**About this exercise**
Reproduce exactly only the lines from the line that holds "- Sensory Exploration: Our" to the line that holds "๐ Naples – Single", inclusive, in the listing below, and please leave out every picture.

**Task input**
┄┄┄┄┄┄
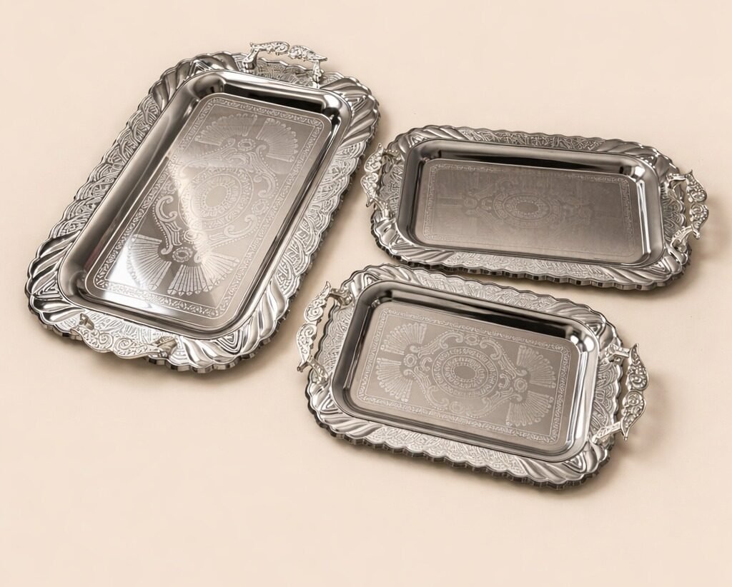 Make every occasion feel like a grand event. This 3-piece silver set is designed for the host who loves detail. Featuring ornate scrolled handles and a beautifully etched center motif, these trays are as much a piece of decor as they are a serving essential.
┄┄┄┄┄┄
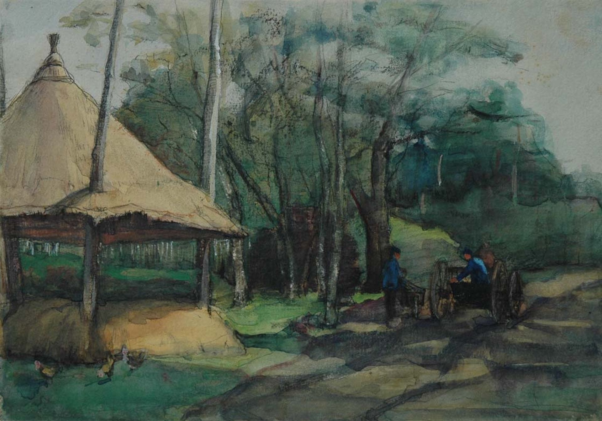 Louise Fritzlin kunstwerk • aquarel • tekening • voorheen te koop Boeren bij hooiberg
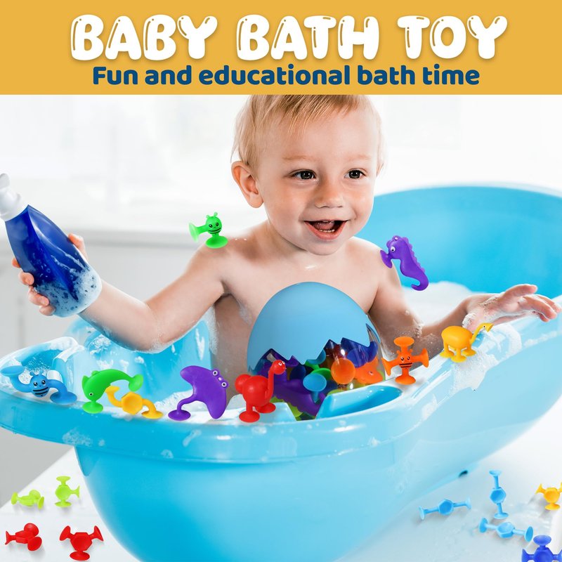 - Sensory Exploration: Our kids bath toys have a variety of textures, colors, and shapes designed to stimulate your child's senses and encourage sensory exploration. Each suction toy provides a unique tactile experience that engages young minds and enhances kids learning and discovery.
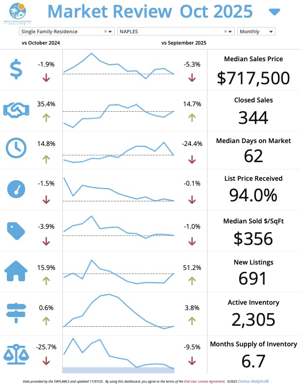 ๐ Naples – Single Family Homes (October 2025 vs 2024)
┄┄┄┄┄┄
**Task response**
 - Sensory Exploration: Our kids bath toys have a variety of textures, colors, and shapes designed to stimulate your child's senses and encourage sensory exploration. Each suction toy provides a unique tactile experience that engages young minds and enhances kids learning and discovery.
 ๐ Naples – Single Family Homes (October 2025 vs 2024)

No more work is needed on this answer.